Exercise
Retype the listing below line for line, but only from the line with "Underhåll barnen under" down to the line with "VW Passat B8", inclusive. Pictures stay out.

Stored data
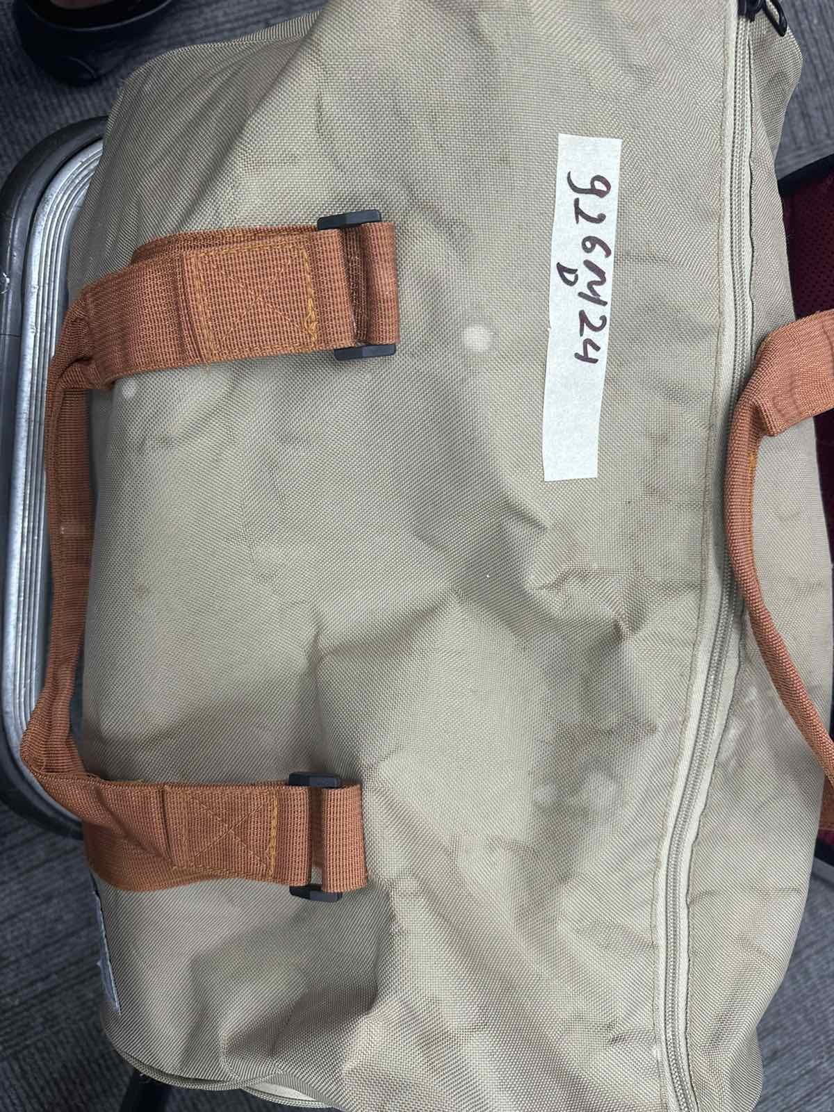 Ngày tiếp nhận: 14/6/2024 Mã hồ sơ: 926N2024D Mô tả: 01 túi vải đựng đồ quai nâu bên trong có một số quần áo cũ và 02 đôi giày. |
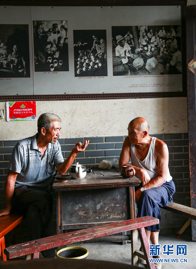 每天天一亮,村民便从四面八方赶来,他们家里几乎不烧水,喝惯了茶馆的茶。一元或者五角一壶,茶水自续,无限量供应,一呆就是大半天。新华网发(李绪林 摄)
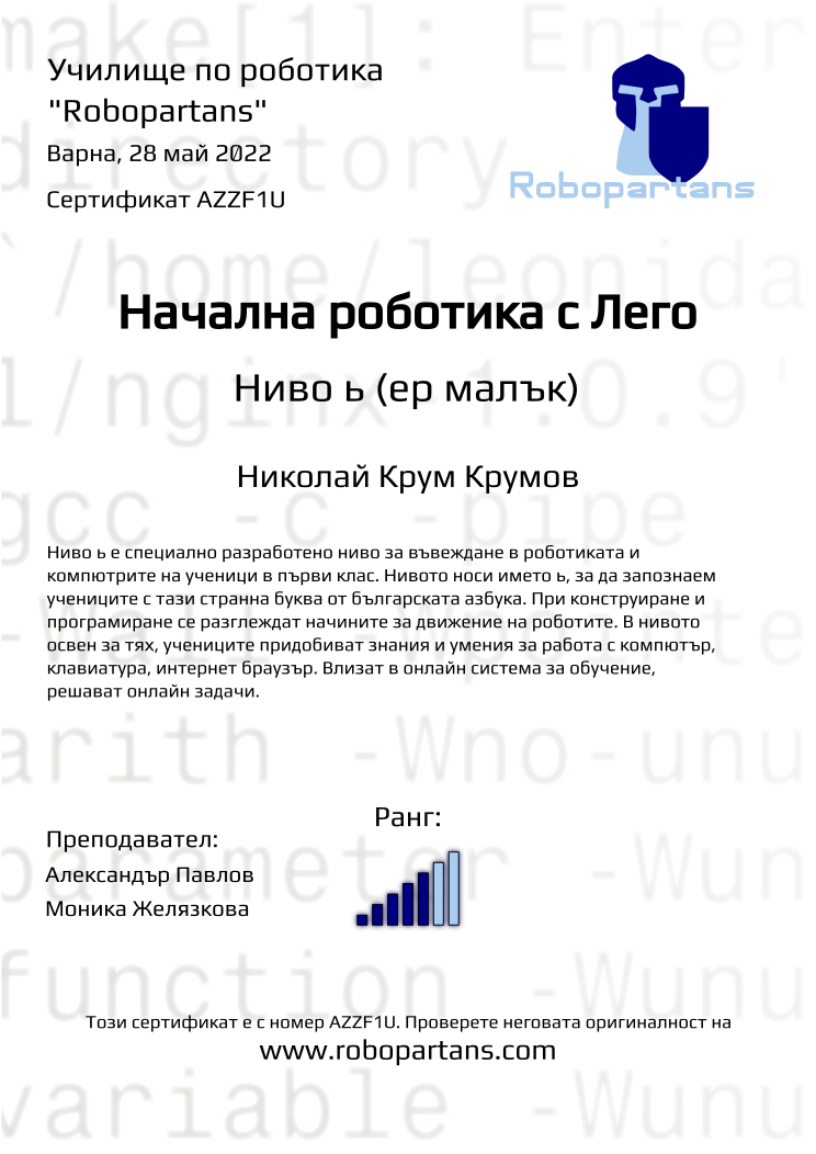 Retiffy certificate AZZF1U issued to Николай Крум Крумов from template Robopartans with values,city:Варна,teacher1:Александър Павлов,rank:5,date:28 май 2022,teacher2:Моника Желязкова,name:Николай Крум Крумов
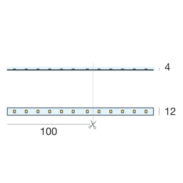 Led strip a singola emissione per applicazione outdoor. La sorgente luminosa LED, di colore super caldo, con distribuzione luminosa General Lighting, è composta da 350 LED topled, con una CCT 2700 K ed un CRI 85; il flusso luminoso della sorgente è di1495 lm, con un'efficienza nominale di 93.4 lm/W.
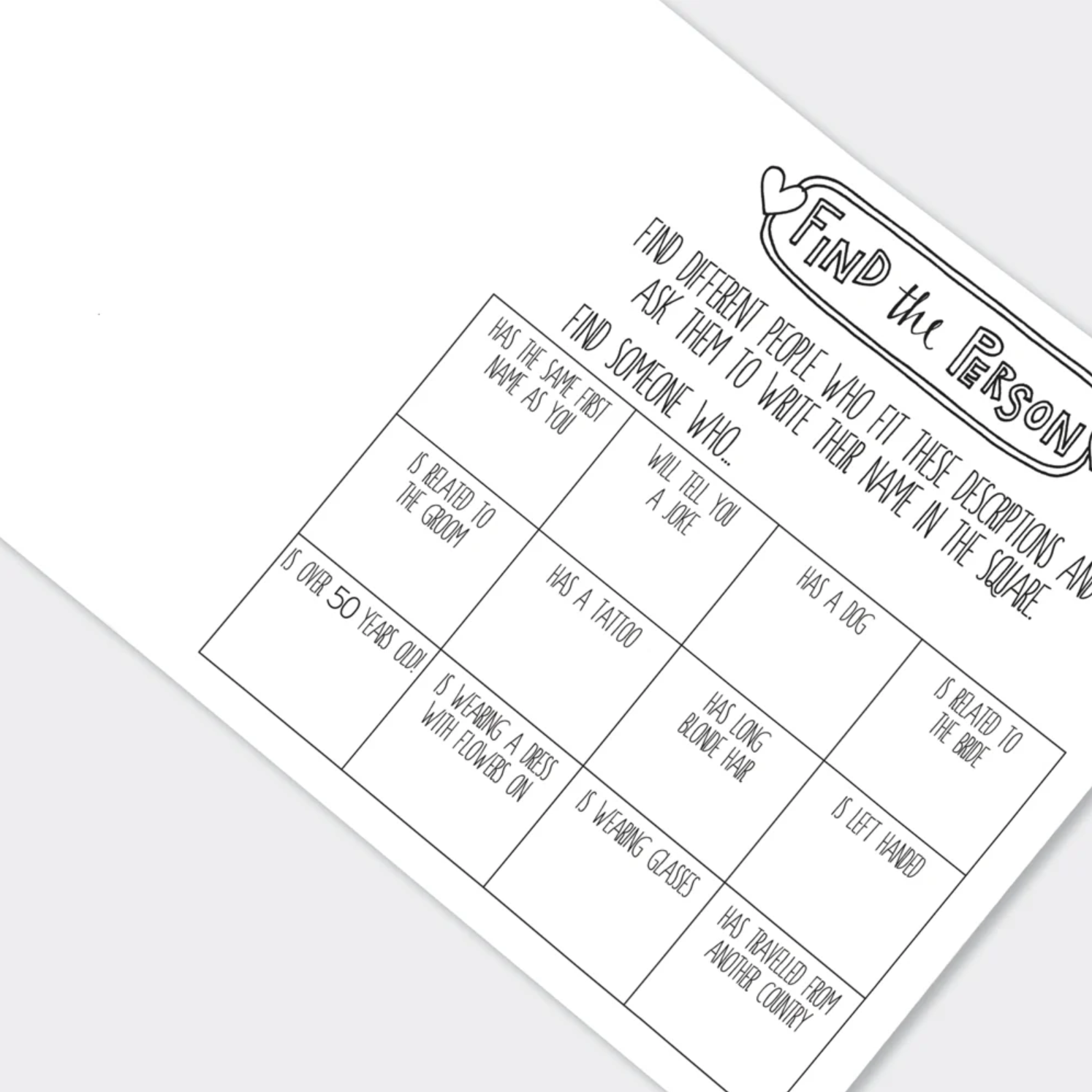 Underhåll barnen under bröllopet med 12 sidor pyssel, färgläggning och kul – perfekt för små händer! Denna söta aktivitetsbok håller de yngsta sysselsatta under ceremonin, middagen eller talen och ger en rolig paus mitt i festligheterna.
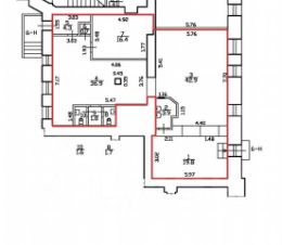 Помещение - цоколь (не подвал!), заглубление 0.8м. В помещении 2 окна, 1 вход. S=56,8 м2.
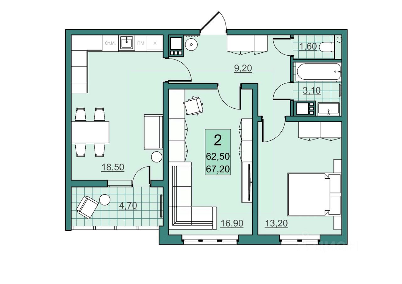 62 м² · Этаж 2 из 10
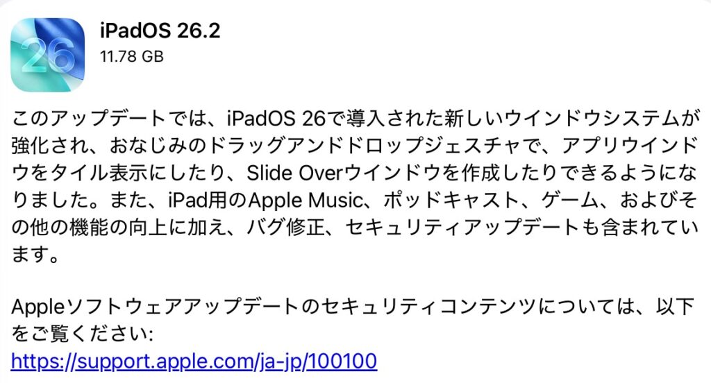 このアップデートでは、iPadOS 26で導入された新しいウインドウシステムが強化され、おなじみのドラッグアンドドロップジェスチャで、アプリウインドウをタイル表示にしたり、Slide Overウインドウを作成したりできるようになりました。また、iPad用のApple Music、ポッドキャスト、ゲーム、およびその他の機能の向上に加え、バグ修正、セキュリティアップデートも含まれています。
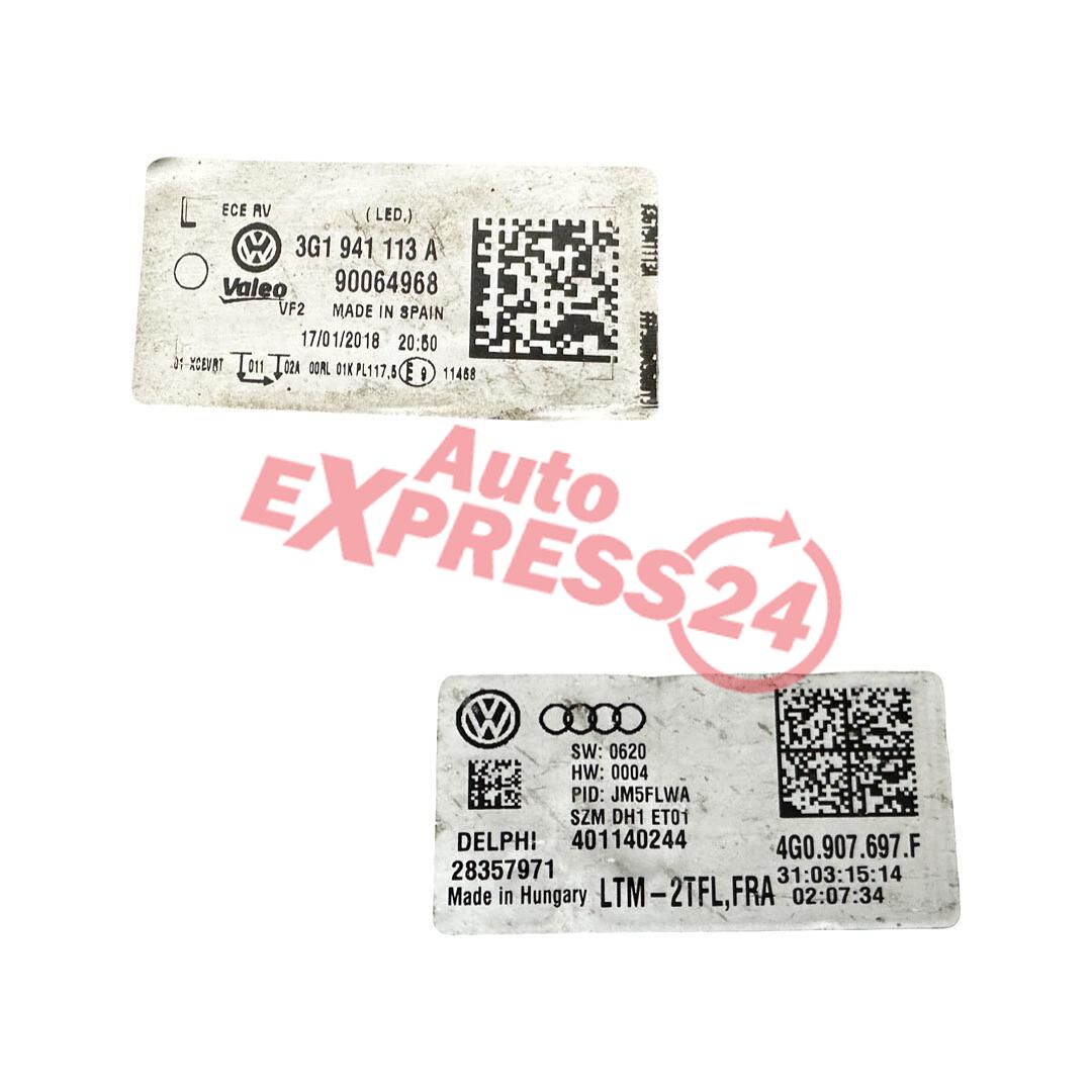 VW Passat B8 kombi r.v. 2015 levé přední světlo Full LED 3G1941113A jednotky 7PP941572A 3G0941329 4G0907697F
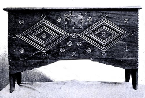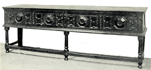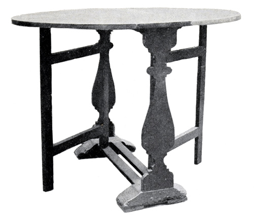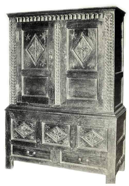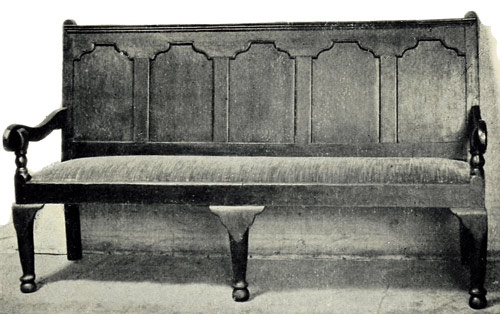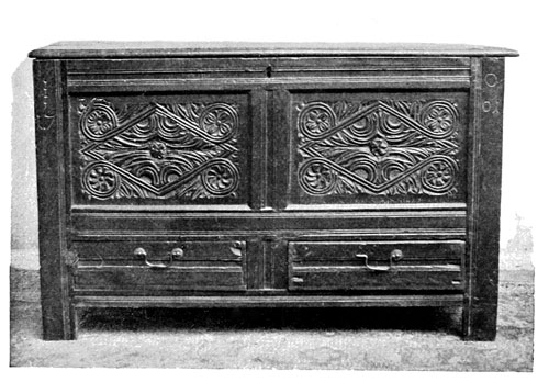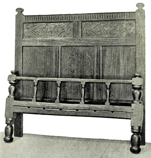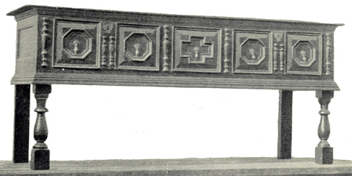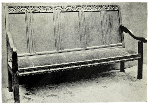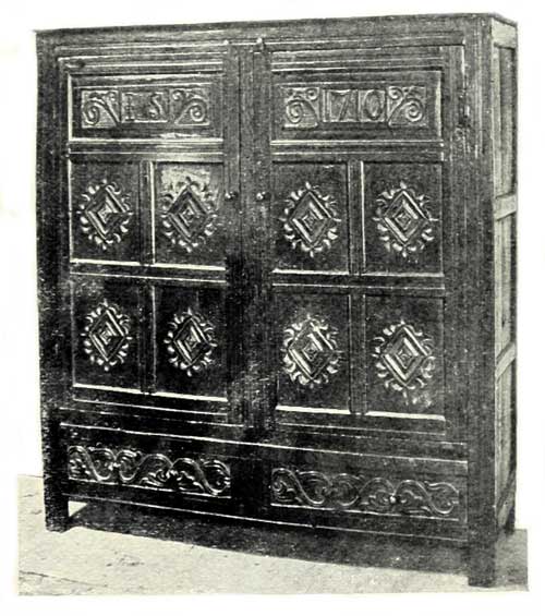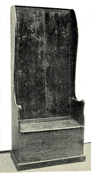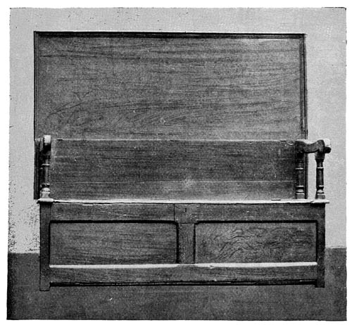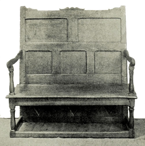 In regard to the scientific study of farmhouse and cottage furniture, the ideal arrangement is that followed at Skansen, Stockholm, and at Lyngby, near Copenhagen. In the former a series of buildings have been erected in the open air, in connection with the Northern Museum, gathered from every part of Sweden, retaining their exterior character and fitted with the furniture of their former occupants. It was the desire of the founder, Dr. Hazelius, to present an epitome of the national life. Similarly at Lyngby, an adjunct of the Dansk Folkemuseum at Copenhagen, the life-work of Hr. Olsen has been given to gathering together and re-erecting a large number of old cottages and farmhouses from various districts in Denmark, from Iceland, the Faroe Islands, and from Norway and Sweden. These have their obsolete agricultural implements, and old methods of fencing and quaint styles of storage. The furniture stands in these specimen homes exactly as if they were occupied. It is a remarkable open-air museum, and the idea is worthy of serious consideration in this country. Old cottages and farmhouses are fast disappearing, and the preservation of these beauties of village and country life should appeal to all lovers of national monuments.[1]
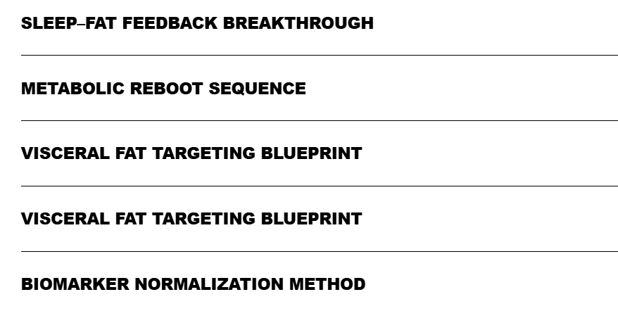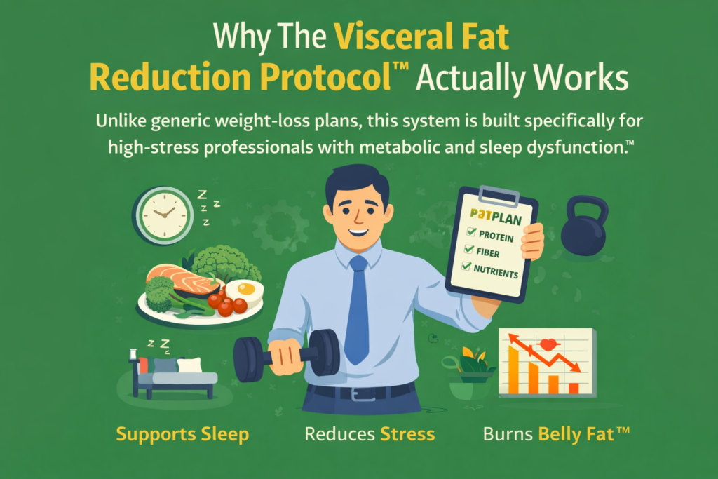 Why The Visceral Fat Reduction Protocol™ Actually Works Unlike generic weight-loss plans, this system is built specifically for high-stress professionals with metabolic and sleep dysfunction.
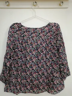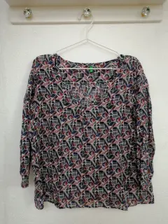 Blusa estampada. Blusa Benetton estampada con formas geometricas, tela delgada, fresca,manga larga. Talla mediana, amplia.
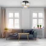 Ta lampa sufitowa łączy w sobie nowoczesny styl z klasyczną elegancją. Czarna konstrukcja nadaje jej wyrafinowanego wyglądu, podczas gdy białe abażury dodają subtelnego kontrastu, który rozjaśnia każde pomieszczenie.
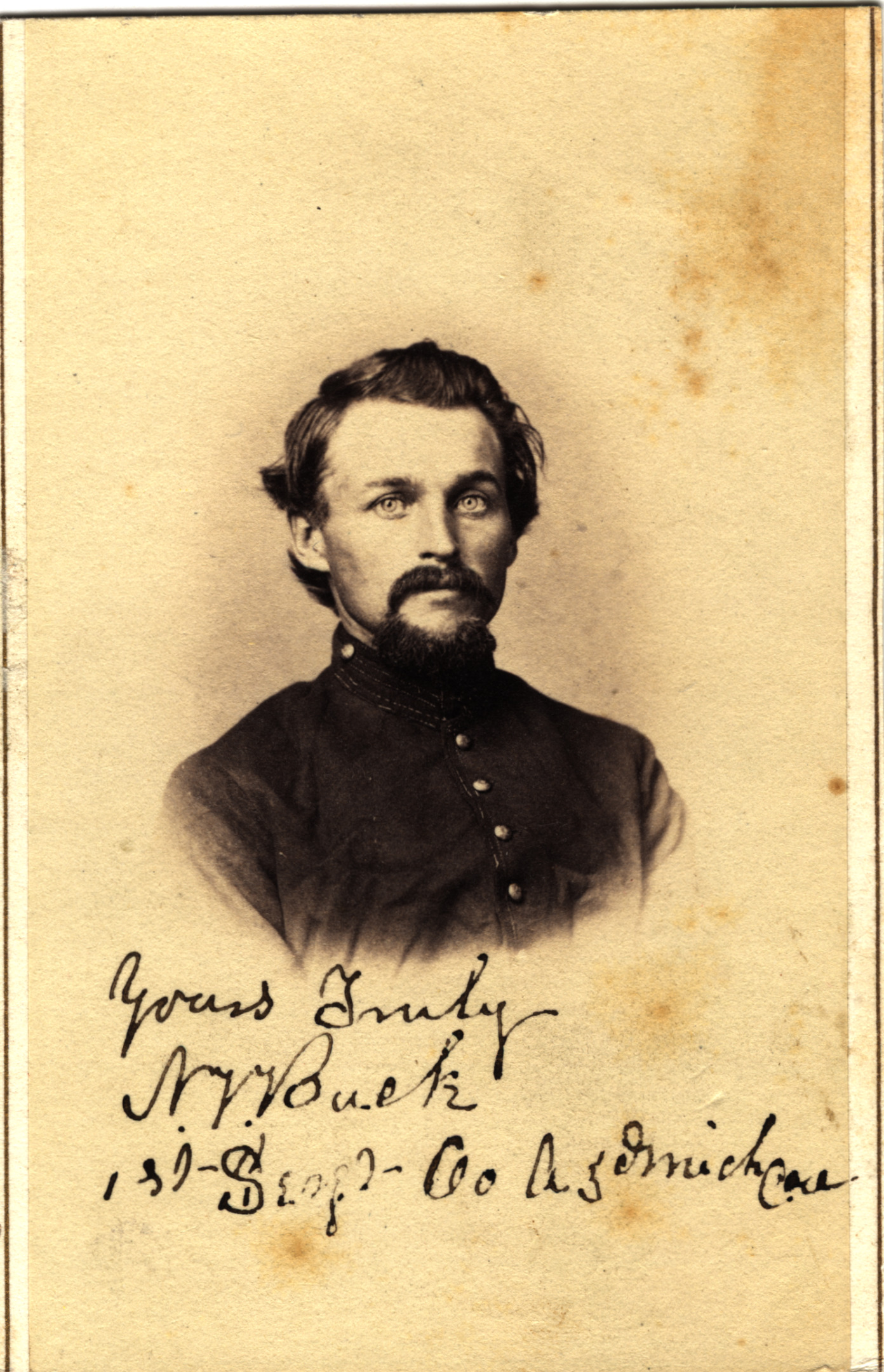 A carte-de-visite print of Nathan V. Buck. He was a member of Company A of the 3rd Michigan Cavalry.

Response to this exercise
 Underhåll barnen under bröllopet med 12 sidor pyssel, färgläggning och kul – perfekt för små händer! Denna söta aktivitetsbok håller de yngsta sysselsatta under ceremonin, middagen eller talen och ger en rolig paus mitt i festligheterna.
 Помещение - цоколь (не подвал!), заглубление 0.8м. В помещении 2 окна, 1 вход. S=56,8 м2.
 62 м² · Этаж 2 из 10
 このアップデートでは、iPadOS 26で導入された新しいウインドウシステムが強化され、おなじみのドラッグアンドドロップジェスチャで、アプリウインドウをタイル表示にしたり、Slide Overウインドウを作成したりできるようになりました。また、iPad用のApple Music、ポッドキャスト、ゲーム、およびその他の機能の向上に加え、バグ修正、セキュリティアップデートも含まれています。
 VW Passat B8 kombi r.v. 2015 levé přední světlo Full LED 3G1941113A jednotky 7PP941572A 3G0941329 4G0907697F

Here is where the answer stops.